Maybe someone can help here. I have bitwardenRS running happily behind Traefik reverse proxy. I can successfully login via the web vault, desktop apps on Mac OSX, and browser plugins for Chrome, Firefox, and mobile apps on iOS.
Only the Safari plugin won’t play ball and spits out the following error when trying to login:
Origin file:// is not allowed by Access-Control-Allow-Origin.
Same is happening to me.
I can log in every other browser extension, desktop app and mobile app, but Safari Extension gives me the same error and I can’t see anything in the portainer logs.
I have tested it with and without these changes using the latest Bitwarden version, but i’m not having issues. I can sync without trouble. Since bitwarden_rs already returns ‘*’ as the allowed CORS instead of the specific requested file://.
Thus it could be that the reverse proxy is doing something which removes or changes these headers?
I have tested the patch also, it does also work, but i’m not seeing any difference in the plugin in Safari.
It would be nice if someone could test the Bitwarden Plugin in Safari using the Developer Console to see what happens.
For this you need to:
Enable the Show Develop menu in menu bar option under the Advanced settings of Safari.
Then open the Bitwarden Extension by clicking on the icon.
Right-click somewhere in the bitwarden pop-up and click on Inspect Element
This will open a new window where you will see the output, errors, network traffic etc… from the bitwarden extension.
Now try to login, sync etc… and see what requests are sent and received.
I think the CORS headers are not being returned at all currently, even though the current version of bitwarden_rs already does this.
Below you see a screenshot of how it could look like.
@ein_radler, @thewinger and @Roadrunner, could you please try to provide some more information as i requested in my previous post? I have tested this, and it seemed to work for me without any adjustments. That doesn’t say your configuration is bad, but i think we need more information before we can have a good answer.
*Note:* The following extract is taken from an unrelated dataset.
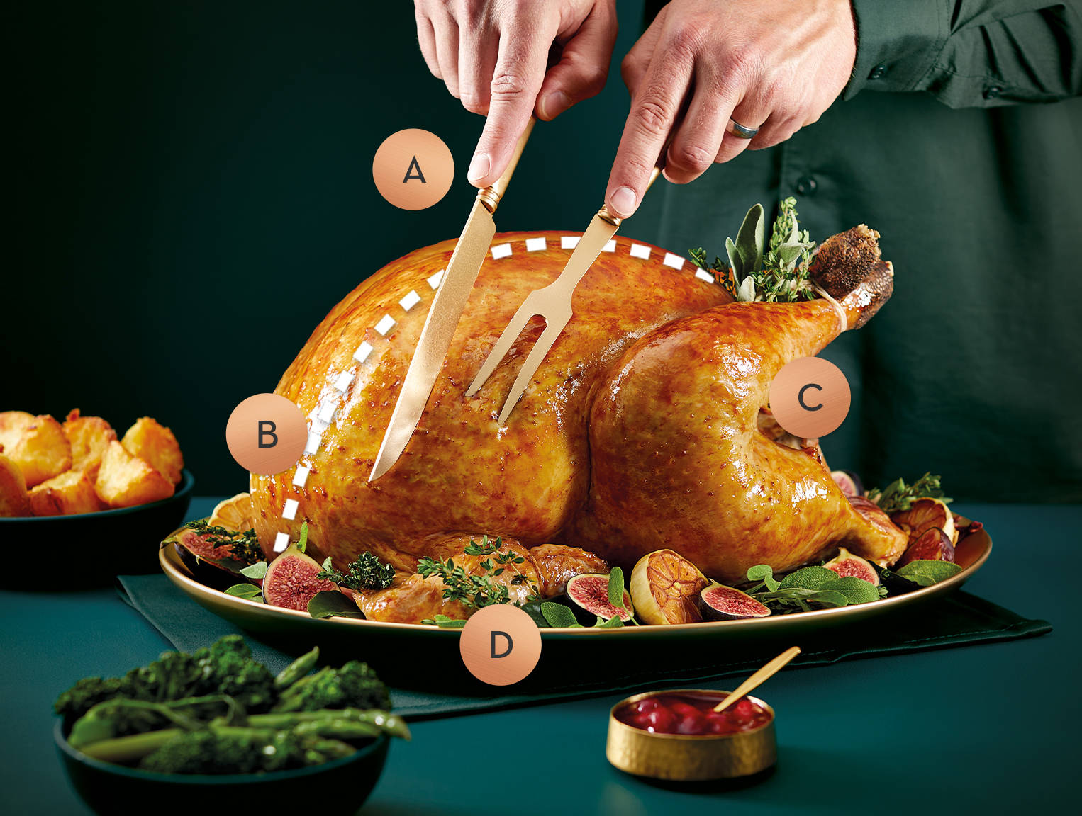 A) Sharpen your turkey carving knife and carve away the legs by gently pulling them away from the turkey where a gap will appear - cut down through the joint to remove.

It could be the reverse proxy in between is changing something for example.
[http.middlewares.middlewares-secure-headers]
[http.middlewares.middlewares-secure-headers.headers]
accessControlAllowMethods= ["GET", "OPTIONS", "PUT"]
accessControlMaxAge = 100
hostsProxyHeaders = ["X-Forwarded-Host"]
sslRedirect = true
stsSeconds = 63072000
stsIncludeSubdomains = true
stsPreload = true
forceSTSHeader = true
# frameDeny = true #overwritten by customFrameOptionsValue
customFrameOptionsValue = "allow-from https:example.com" #CSP takes care of this but may be needed for organizr.
contentTypeNosniff = true
browserXssFilter = true
# sslForceHost = true # add sslHost to all of the services
# sslHost = "example.com"
referrerPolicy = "same-origin"
# Setting contentSecurityPolicy is more secure but it can break things. Proper auth will reduce the risk.
# the below line also breaks some apps due to 'none' - sonarr, radarr, etc.
# contentSecurityPolicy = "frame-ancestors '*.example.com:*';object-src 'none';script-src 'none';"
featurePolicy = "camera 'none'; geolocation 'none'; microphone 'none'; payment 'none'; usb 'none';"
[http.middlewares.middlewares-secure-headers.headers.customResponseHeaders]
X-Robots-Tag = "none,noarchive,nosnippet,notranslate,noimageindex,"
server = ""
Not really familiar with Traefik, but it looks like it’s dropping the Access-Control-Allow-Origin header in the response for some reason. You could probably add it manually using
Thank you for pointing me to the answer.
I commented out the middleware I was using and added the ones from your link and now is logging in in Safari Extension.